The authors say, "In this review, the intricate relationship between AR signaling and other molecular cascades involved with the pathogenesis of PCa and its therapeutic implications in advanced disease will be discussed, along with current and novel therapeutic approaches utilizing the AR signaling pathway." However, the review is really only focused on the latter (clinical trials), there is no discussion of interactions between AR signaling and other molecular cascades in any great depth. Thus this statement needs to be modified.
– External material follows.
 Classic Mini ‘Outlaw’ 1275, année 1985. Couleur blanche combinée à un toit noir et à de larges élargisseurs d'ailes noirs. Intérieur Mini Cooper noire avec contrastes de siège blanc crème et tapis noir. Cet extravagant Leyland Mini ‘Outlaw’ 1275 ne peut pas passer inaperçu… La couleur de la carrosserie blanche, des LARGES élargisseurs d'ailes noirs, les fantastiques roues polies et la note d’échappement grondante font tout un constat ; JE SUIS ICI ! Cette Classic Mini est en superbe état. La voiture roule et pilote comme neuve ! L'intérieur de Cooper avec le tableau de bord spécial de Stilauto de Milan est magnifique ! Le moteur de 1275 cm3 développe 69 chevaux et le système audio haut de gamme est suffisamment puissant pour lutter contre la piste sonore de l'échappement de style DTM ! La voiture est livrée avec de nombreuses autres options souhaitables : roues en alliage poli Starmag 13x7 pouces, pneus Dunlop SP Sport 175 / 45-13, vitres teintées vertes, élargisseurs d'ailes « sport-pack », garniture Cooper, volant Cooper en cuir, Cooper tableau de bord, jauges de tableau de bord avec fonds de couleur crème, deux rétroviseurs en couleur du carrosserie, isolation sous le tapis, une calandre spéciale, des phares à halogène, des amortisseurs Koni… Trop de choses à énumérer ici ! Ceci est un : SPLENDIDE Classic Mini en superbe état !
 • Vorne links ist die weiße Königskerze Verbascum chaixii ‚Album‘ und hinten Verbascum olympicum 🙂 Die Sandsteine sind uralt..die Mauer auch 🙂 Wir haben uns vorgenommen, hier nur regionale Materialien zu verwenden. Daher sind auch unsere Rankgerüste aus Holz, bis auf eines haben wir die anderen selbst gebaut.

REPLY: We agree that our previous manuscript did not detail the molecular aspects of prostate cancer (PCa) tumorigenesis. Clearly, it would be important to discuss the important mechanisms relevant to therapy failure. In regard to your current and next comment, we have added to ‘The androgen receptor and tumor microenvironment in prostate cancer (Section 2)’ more information on AR signaling and other molecular cascades involved in the development and progression of prostate cancer. We have also modified the corresponding state in the Introduction Section as follows: “The need to understand the intricate relationship between AR signaling and other molecular cascades involved with the pathogenesis of PCa and its therapeutic implications in advanced disease is of utmost importance, along with the familiarity of current and novel therapeutic approaches utilizing the AR signaling pathway for the treatment and management for patients with PCa in the advanced setting.”

 

I would recommend either removing the section titled "The androgen receptor and tumor microenvironment in prostate cancer" or completely rewriting it, as it really does not discuss the microenvironment and only cursorily talks about stroma. There is no mention of cancer associated fibroblasts (CAFs), which have been shown to be an important driver of PCa progression, or the immune cell milieu, including importantly tumor associated macrophages (TAMs), or alterations to the extracellular matrix which also play a role in PCa progression.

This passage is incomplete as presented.